Dáil debates

Thursday, 26 April 2012

Water Services Reform: Statements

 

4:00 pm

Photo of Catherine MurphyCatherine Murphy (Kildare North, Independent)

It is not hard to see why people would be opposed to the installation of meters for a system that wastes 42% of the product it is supposed to deliver. This means 42% never gets to a tap. We are discussing establishing an agency that will operate as a business and will be allowed to bill people and which will inherit this level of wastage. Would the Minister of State pay for something if this was the quality of service? One can understand why people feel aggrieved.

I support the idea of conserving water but the way the Government has gone about it is backwards. It is exactly the same as the household charge. Essentially the Government will start the same war with the local authorities as was the case in the 1980s and 1990s and I know what that was like. Week after week water was cut off. I know what this means and it takes years to repair the damage with a public agency when this approach is taken. It looks like we will establish HSE 2 and there will be a layer of Teflon between the Government and the delivery agency. The regulator will be the one to decide on the free allowance. I am not opposed to charging for waste but it must be those who are wasting water who are charged or penalised.

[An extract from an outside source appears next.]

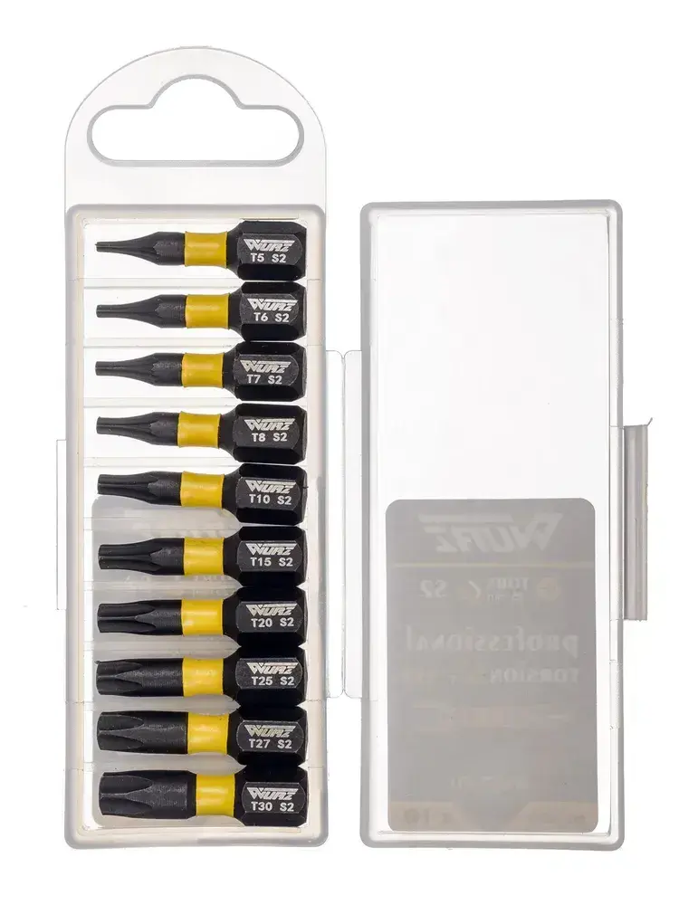 Набор торсионных намагниченных бит TORX 25мм S2 10 предметов WURZ 4230

Will the Minister of State give us a guarantee that if we end up out of the bailouts in 2018 or 2019 and must begin paying €5 billion a year to the lenders and they start scratching around looking for something saleable that this will not be for sale? I do not believe the Minister of State can give such a guarantee.

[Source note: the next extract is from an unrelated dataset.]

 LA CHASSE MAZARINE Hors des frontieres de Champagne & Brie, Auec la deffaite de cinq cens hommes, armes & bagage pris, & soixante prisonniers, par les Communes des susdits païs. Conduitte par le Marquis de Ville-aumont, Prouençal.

We need to reach a point where we have a proper local government system. We have damaged the prospect of this with the household charge. We need to have a rational debate on the provision of water. Many local authorities have collected development levies. They have liabilities. How will these be handled if there is a transfer? Large amounts of money in development contributions cannot be spent at local government level. Deputies Clare Daly and Luke Flanagan and I are members of the Joint Oireachtas Committee on the Environment, Transport, Culture and the Gaeltacht and we have been trying to put together a report and meet experts in a range of fields. We felt we had no choice but to withdraw from the working group in the same way as Fianna Fáil and Sinn Féin have because there is no point in being on the committee if the decisions have already been made.

I have been told by numerous people that contracts have already been awarded to companies for the provision of water meters.